An Investigation was carried out by the Japan Transport Safety Board (JTSB). Relevant data was recovered from the DFDR and CVR. It was a noted that the 48 year-old Captain had accumulated 12,213 total flying hours including 8,721 hours on type. The 30 year-old First Officer had accumulated 2,630 total flying hours, most of them - 2,403 hours - on type.
It was established that approximately half an hour after the aircraft had reached its cruising altitude of FL 370, an indication that the left bleed supply had ceased occurred. Engine anti ice but not airframe anti ice was in use at the time. As the flight crew commenced the procedure for this failure, the same indication was displayed for the right bleed air system and the indication of duct pressure was observed to have dropped to zero. The cabin altitude immediately began to rise and within two minutes of the initial left side loss of bleed air, it had exceeded 10,000 feet and triggered annunciation of a Cabin High Altitude Warning. The crew stopped running the bleed air loss checklist and commenced an emergency descent, donning oxygen masks and manually deploying the passenger oxygen masks. The Captain reported that the indicated cabin altitude had reached a maximum of approximately 16,000 feet. Once the aircraft had descended to and levelled at 10,000 feet, the Captain decided that in the absence of any consequent issues in the cabin, there was no reason why the flight should not continue to its intended destination unpressurised and this was achieved without any apparent further difficulty.
After a detailed assessment of the aircraft bleed air system, it was concluded that the loss of pressurisation on both systems in quick succession had been initially triggered by malfunction of the pre-cooler control valve in the left-side system which had resulted in insufficient mixing of the high temperature/pressure engine bleed air used for cabin pressurisation and conditioning with cooler (and low pressure) engine inlet fan air in the pre cooler (see the system diagram below). The output from the pre-cooler is normally about 390ºF and if the actual temperature exceeds that of the first system limit switch - 450ºF - this switch should signal the system PRSOV to reduce the amount of high temperature air entering the pre cooler. However, it was found that this would not have happened because the 450° switch was found to be faulty. The temperature of the air leaving the pre cooler would have continued to rise until it reached the setting of the second limit switch - 490 ºF - at which point this switch did function as designed and closed the PRSOV and illuminated the left-side ‘BLEED TRIP OFF’ caution on the flight deck.
It was concluded that when the loading of the remaining right-side bleed air system increased to compensate for the loss of the left-side system, a similar malfunction of the pre-cooler control valve on the right side system had caused the output bleed air temperature to rise and the 450 ºF limit switch in this system had also malfunctioned leaving the 490 ºF limit switch to close the right side system PRSOV and thereby completely stop the supply of high pressure bleed air to the aircraft cabin. With only inlet fan air at ambient air pressure provided to both Environmental Control System (ECS) Packs, the cabin altitude had then begun to rise quickly.

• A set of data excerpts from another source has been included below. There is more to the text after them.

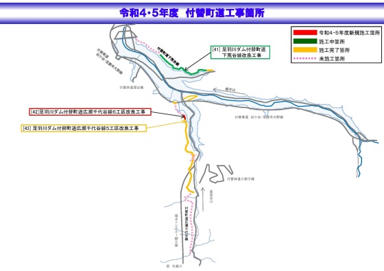 | 付替町道 | [41] 足羽川ダム付替町道下荒谷線改良工事 | 令和3年度からの継続 |
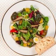 In a salad bowl, mix the salad greens, olives, chopped eggs, and vegetables. Season with salt and pepper, and dress with the olive-oil vinegar dressing. Add the sprats and gently mix.
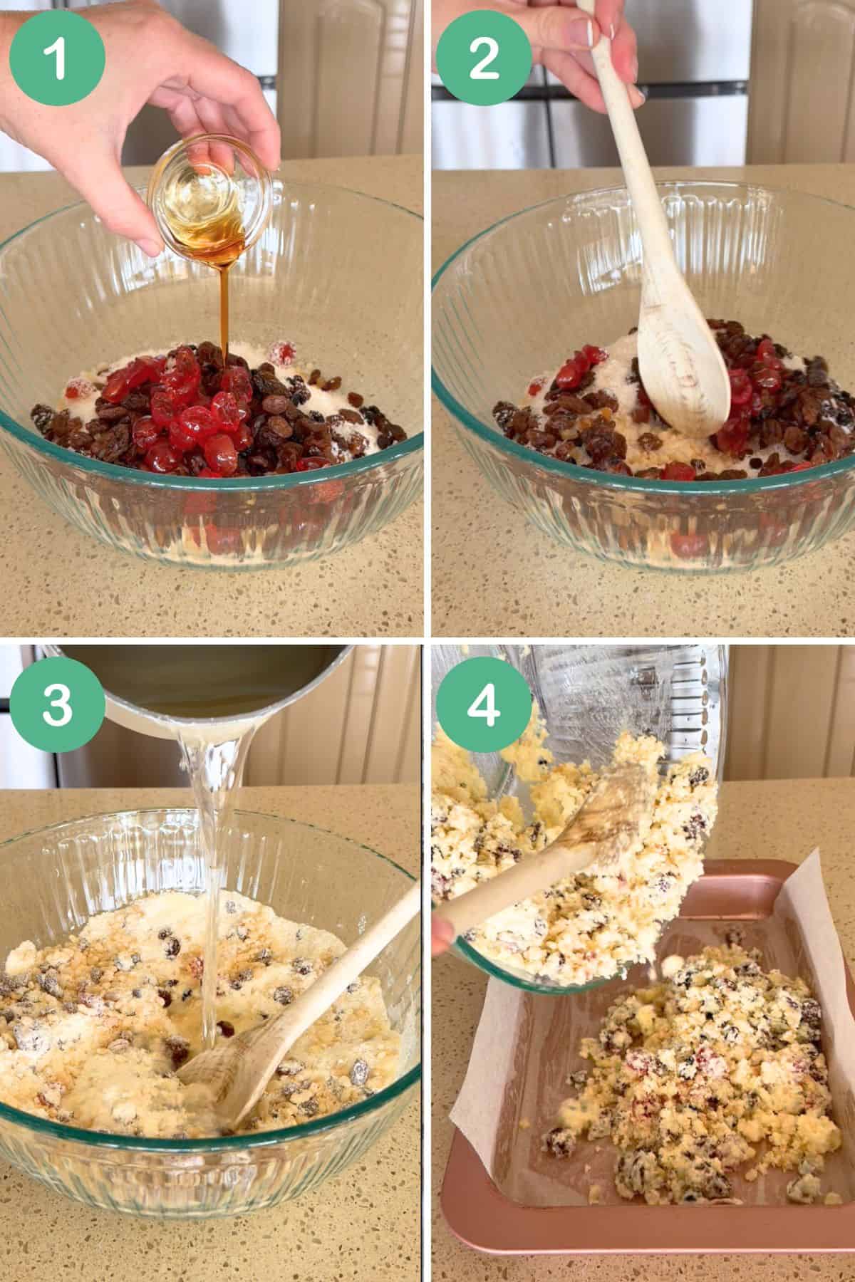 This recipes uses mixed fruit and glace cherries, as per tradition. However, you could substitute one or both of these ingredients with:

The Investigation found that the pre-cooler control valves and their downstream 450 ºF limit switch in both the left and right side systems had deteriorated to the point of unserviceability. It was noted that a Service Bulletin (SB) with ‘Recommended’ status had been issued nine years earlier after reports of malfunctions in both components which had provided alternatives. The aircraft involved was found not to have received this SB attention.

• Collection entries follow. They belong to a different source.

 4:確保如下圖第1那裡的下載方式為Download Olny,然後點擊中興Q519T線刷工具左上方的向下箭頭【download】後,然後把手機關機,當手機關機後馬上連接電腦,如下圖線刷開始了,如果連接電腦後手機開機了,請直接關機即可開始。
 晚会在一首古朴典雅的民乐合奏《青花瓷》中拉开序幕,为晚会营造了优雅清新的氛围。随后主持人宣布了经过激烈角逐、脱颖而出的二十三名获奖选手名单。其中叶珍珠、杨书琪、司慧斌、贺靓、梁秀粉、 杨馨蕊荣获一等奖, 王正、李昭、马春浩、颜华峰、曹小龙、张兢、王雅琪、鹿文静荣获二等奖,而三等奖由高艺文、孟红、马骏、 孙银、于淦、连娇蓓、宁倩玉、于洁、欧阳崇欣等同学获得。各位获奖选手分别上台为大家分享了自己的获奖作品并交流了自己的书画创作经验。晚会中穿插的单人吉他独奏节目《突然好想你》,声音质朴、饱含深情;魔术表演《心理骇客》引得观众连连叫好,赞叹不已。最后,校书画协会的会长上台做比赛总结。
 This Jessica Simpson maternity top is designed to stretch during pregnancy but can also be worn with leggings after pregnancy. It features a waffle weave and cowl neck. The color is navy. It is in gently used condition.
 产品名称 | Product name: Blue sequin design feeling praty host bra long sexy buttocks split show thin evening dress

The Investigation determined that the Probable Cause of the loss of pressurisation was caused by the complete stoppage of the system air supply from both bleed air systems when their PRSOVs closed automatically because the bleed air exit temperatures exceeded the allowable maximum. The excessive temperature was reached due to malfunctions in both systems’ Pre-cooler Control Valves with the 490º F maximum only being reached because both systems’ 450º F temperature sensors, which were supposed to control PRSOV function, were also faulty.

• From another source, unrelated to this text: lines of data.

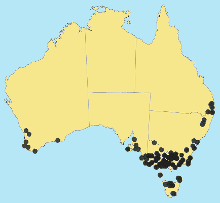 Australian Distribution: Western Australia, South Australia, Queensland, New South Wales, Victoria, Tasmania, Norfolk I, Lord Howe.
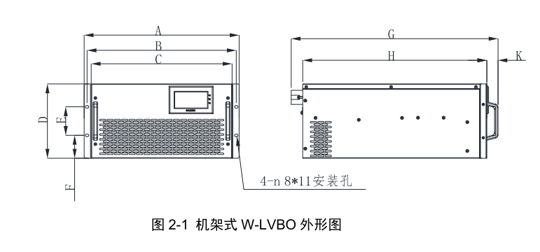 W-LVBO 系列產(chǎn)品根據(jù)安裝方式可分為機架式和壁掛式,二者外形尺寸標注示意如圖 2-1、2-2。產(chǎn)品覆蓋 50A~150A,按照功率等級的大小有三種不同尺寸機箱,具體外形安裝尺寸見表 2-2。
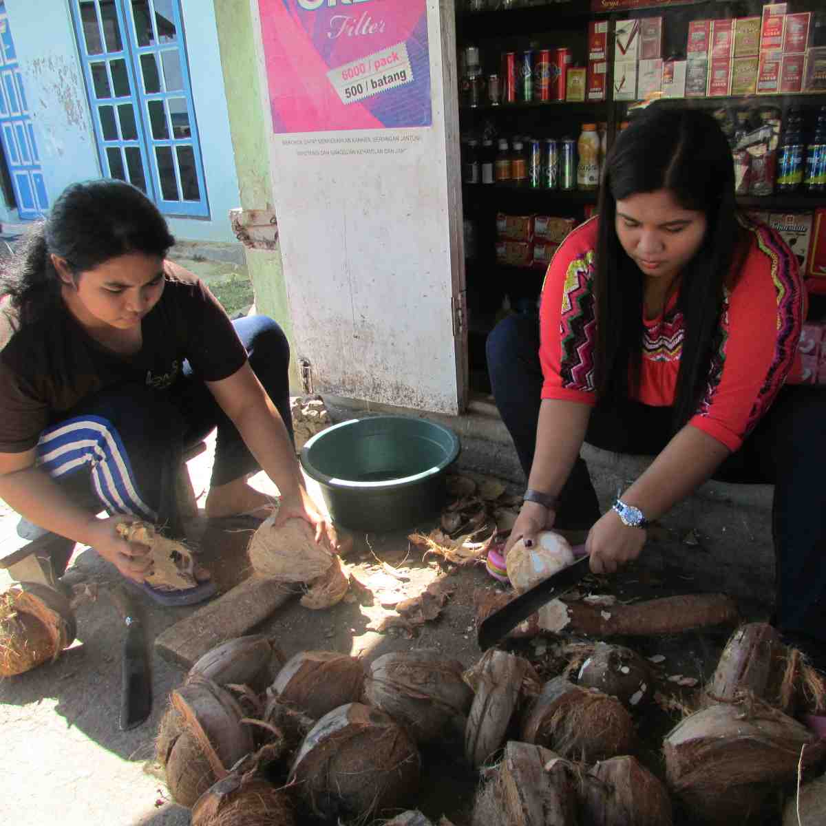 could buy a drink. NO! No money was necessary! They chopped off the outer bits of coconut,
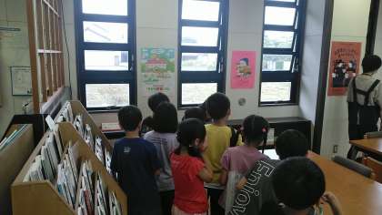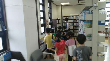 図書館に移動して、特設コーナーや本の選び方について説明してもらいました。
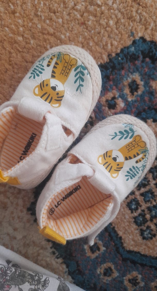 Beyaz renkte, renkli kaplan desenli erkek bebek ilk adım ayakkabısı, kolay kullanım sağlayan cırt cırtlı ve kauçuk malzemeden üretilmiştir.
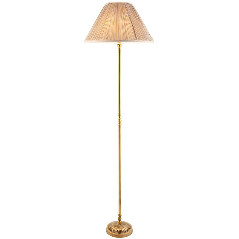 Interiors Fitzroy - Lampada da terra a 1 luce in ottone con paralume beige, B22 | Finitura: ottone | Classificazione IP: IP20 | Altezza (cm): 174,5 | Diametro (cm): 51 | Numero di luci: 1 | Tipo di lampada: B22 | Lampadina: incandescente | Potenza (max): 60 | Paralume: tessuto beige | Classe: 2 (doppio isolamento) | Lampadina inclusa: no
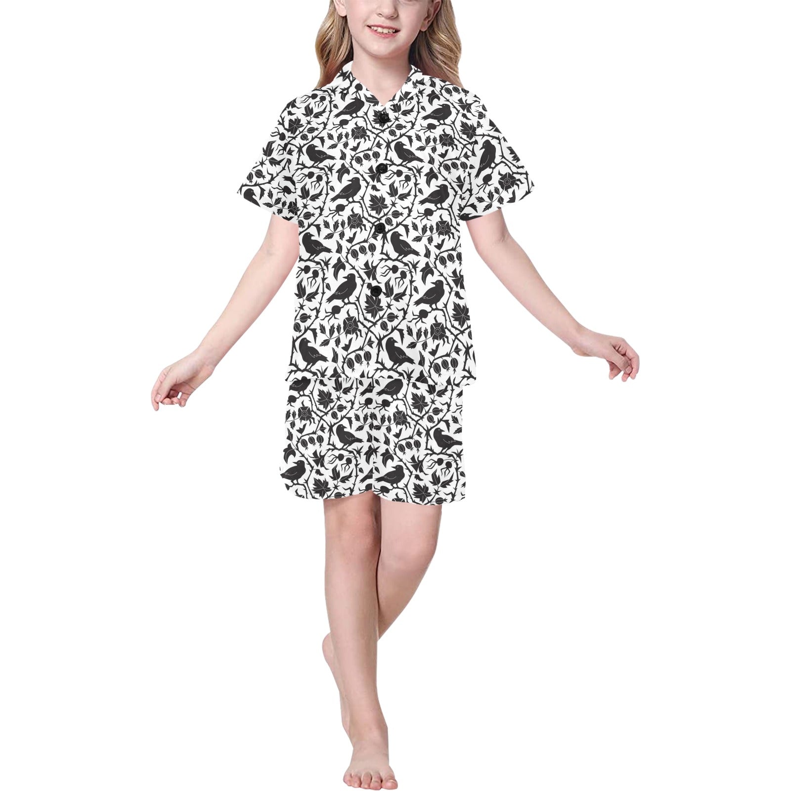 Crow dark floral pattern Kids' Boys' Girls' V-Neck Short Pajama Set

Safety Action taken by Japan Transocean Air as a result of this event and known to the Investigation was noted as including the implementation of the already available SB to restore reliable function of the cabin air temperature regulation, the addition of a check on the integrity of Pre-cooler Control Valves at ‘C’ Check and regular inspection of the thermostats on the 450º F limit switches every 16,000 flight hours.
The Final Report was adopted by the JTSB on 13 October 2017 and published on 26 October 2017. No Safety Recommendations were made.